Die Regenbogenfarben fand ich dann in Europa auf den Spruchbändern mit dem Wort "Pace" wieder, die besonders in Italien viele Fassaden "schmückten". Aber zu diesem Zeitpunkt hatte sich die Welt sehr verändert. Alte Vorurteile hatten neue Nahrung erhalten. Das "Imperium" schien auf Dauer in Ungnade gefallen zu sein.

Ich fragte mich manchmal, ob Thomas Jefferson und Benjamin Franklin das Land, das sie mit aus der Taufe gehoben hatten, heute wiedererkennen würden. Es war nicht das Problem, dass die Tugenden, durch die es gross geworden war, nicht mehr existierten: Selbstbewusstsein, individuelle Verantwortlichkeit und Autorität, ein resoluter Optimismus und moralischer Idealismus. Doch sie wurden überdeckt von dem, was spätere Generationen an Amerika bis in die Gegenwart auszusetzen hatten, besonders die Europäer, zum Beispiel Thomas Mann in “Die Betrogene”: “(Er) fand es mit seiner Dollarjagd und Kirchgängerei, seiner Erfolgsbigotterie und kolossalen Durchschnittlichkeit...eigentlich greulich.”

Die jüngste Vergangenheit gibt natürlich den Intellektuellen Auftrieb, die es eher mit Aldous Huxley halten, der gesagt hat, man solle keine runden Nägel in quadratische Löcher schlagen. Sie hätten die Tendenz, gefährliche Gedanken über das Gesellschaftssystem zu fördern und mit ihrer Unzufriedenheit die anderen anzustecken.

Grosse Differenzierer fehlen, die weder der einen noch der anderen Seite Recht geben. Aber sie sind nicht gefragt. Wir halten es mit Henry Thoreau: "Jede Generation lacht über die alte Mode, befolgt aber sklavisch die neue ( "Walden") und bestätigen Tag für Tag, was Régis Debray gesagt hat: “Die Mediendemokratie ermutigt mehr die Nacktheit als die Komplexität. Sie will den Einheits-Narziss aus einem Stück.”

Wir lesen, dass die Zahl der Bettler und Millionäre von Tag zu Tag wächst, dass auch die Demokratien sich ständig irgendwelcher Menschenrechtsverletzungen schuldig machen und dass wir (ökologisch gesehen) an dem Ast sägen, auf dem wir sitzen. Trotzdem sehen wir eher so aus als seien wir auf der Suche nach einem Rezept wie man sich selbst umbringt, ohne etwas davon zu merken.

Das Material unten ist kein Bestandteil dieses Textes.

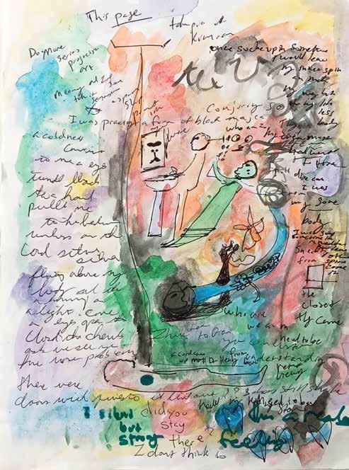 passing he thought if he didn’t try to put them to paper, he’d lose his mind. Later when he felt he was over it, he tossed all the work! The paintings on exhibit at “Diary of an Abductee” are new and from memory. He said recreating them was not an issue at all as the memories never faded.

Ausserdem habe ich festgestellt, dass wir ein Talent dafür entwickelt haben, unbedeutende Kleinigkeiten mit transzendentalen Dingen auf eine Stufe zu stellen. Mit fällt dazu ein Gespräch zwischen einem älteren Ehepaar ein, das ich im Frühstücksraum eines deutschen Hotels verfolgte. Die Frau bezweifelte die Diabetikertauglichkeit des Multivitaminsaftes, dann begannen sie ein Gespräch. Es war zu sehr ein Gemurmel, als dass ich alles verstehen konnte, aber es hatte mit der Ewigkeit und dem Leben nach dem Tod zu tun.

Heute begegnete ich einem Jungen. Er sass vor einem Müllhaufen und rieb eine Glühbirne zwischen seinen Händen hin und her. Er erinnerte mich an eine moderne Ausgabe von Aladin und der Wunderlampe. Vielleicht suchte er das, was wir alle suchen: das Heile im Kaputten.